No veo motivo alguno para negar el carácter estético de tales experiencias –o, si se quiere, fragmentos de experiencia–, y por eso concluyo su diversidad.

4. Entretenimiento y arte

El desarrollo de la cultura de masas obliga a distinguir entre los objetos que entretienen y los que son auténtica o propiamente culturales (o artísticos). La diferencia se explica muchas veces a partir del consumo característico de los primeros y la permanencia, que distingue a los segundos (Hanna Arendt). No estoy muy seguro de que la explicación aclare los términos de la cuestión. Consumo y permanencia pueden entenderse en varios sentidos: consumo y permanencia físicos, materiales, es la primera y más literal de las acepciones, alude a la desaparición material del objeto o a su resistencia. Ahora bien, no son pocos los objetos de entretenimiento que perduran –¿acaso no perdura la flor de plástico, el producto kitsch?– y bastantes los artísticos que desaparecen, de los que sólo tenemos alguna noticia pero que ya no podemos ver. Pueden aplicarse ambas notas con un sentido diferente, algo así como: los objetos artísticos tienen vocación de permanencia , los de entretenimiento sólo exigen su consumo. La dificultad es ahora de naturaleza distinta: ¿qué quiere decir que una obra de arte posee vocación de permanencia, y por qué ha de tenerla? Muchas que hoy son obras de arte no tenían siquiera la vocación de tales, pretendían alabar a Dios, enseñar a los letrados, hacer notar la presencia y supuestas cualidades del príncipe, etc. Otras, especialmente las que denominamos populares, se crearon en un marco dominado por lo efímero: así sucede, por ejemplo, con las Danzas de la muerte, los Carmina Burana, incluso obras de autor conocido como La Nave de los Necios, de Sebastian Brandt, obras todas sin las cuales difícilmente podríamos llegar a conocer la cultura de la Edad Media y del bajo Renacimiento, pero, sobre todo, obras que continúan originando experiencias estéticas de gran intensidad. No tenían vocación de permanencia, pero han permanecido.

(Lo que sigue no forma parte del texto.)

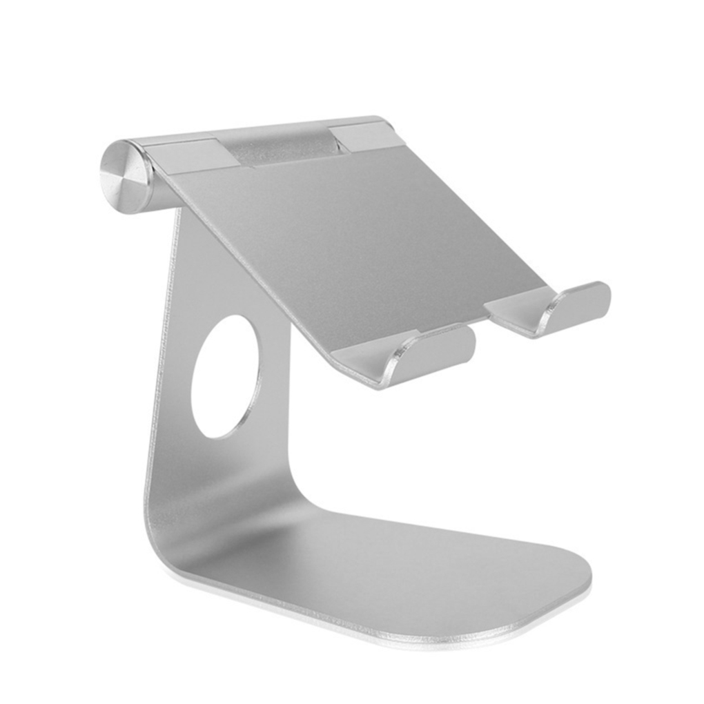 Description:This foldable phone table stand can free your hands during video watching, can hold a phone or a tablet.This phone table stand is 210-degree adjustable, let you can watch the phone screen at a proper viewing angle.This adjustable phone stand features 4 non-slip pads to prevent the phone from falling and also can protect the phone from scratching.This tablet stand is stable is a good choice to use at home, office, hotel, and more.This tablet stand adopts superior aluminum alloy material and is abrasion-resistant, durable and long-lasting, not easy to break.

Todo ello nos hace pensar que las expresiones «vocación de permanencia» y «consumo» se refieren a algo distinto de la estricta perdurabilidad cronológica. Se supone que es permanente aquello que ofrece o muestra una verdad más profunda de lo habitual, por lo general desgastada, una naturaleza más consistente de la aparencial, por lo común superficial, un ser más pleno que el de los objetos circunstanciales. Según eso se consumirá y desaparecerá aquello que carece de tal consistencia. Mas, en realidad, nos encontramos ante una petición de principio: afirmamos que es permanente porque es más pleno, y más pleno porque es permanente. Por otra parte, ¿más pleno o más intenso para quién? Seguramente no para quienes disfrutan entreteniéndose con los objetos efímeros, de consumo, más pleno, sí, para aquellos que gozan de aquella plenitud e intensidad, una cualidad de la que quizá disfrutan también los que, por la razón que sea, se deleitan con la plenitud de objetos (de consumo) que para otros no la poseen: se satisfacen, y mucho, de la plenitud y la intensidad de los folletines que publicó Balzac, no rechazan el entretenimiento que encuentran en El padrino o en una novela como El halcón maltés, y en ese entretenimiento surge también la experiencia estética, que no se opone a él.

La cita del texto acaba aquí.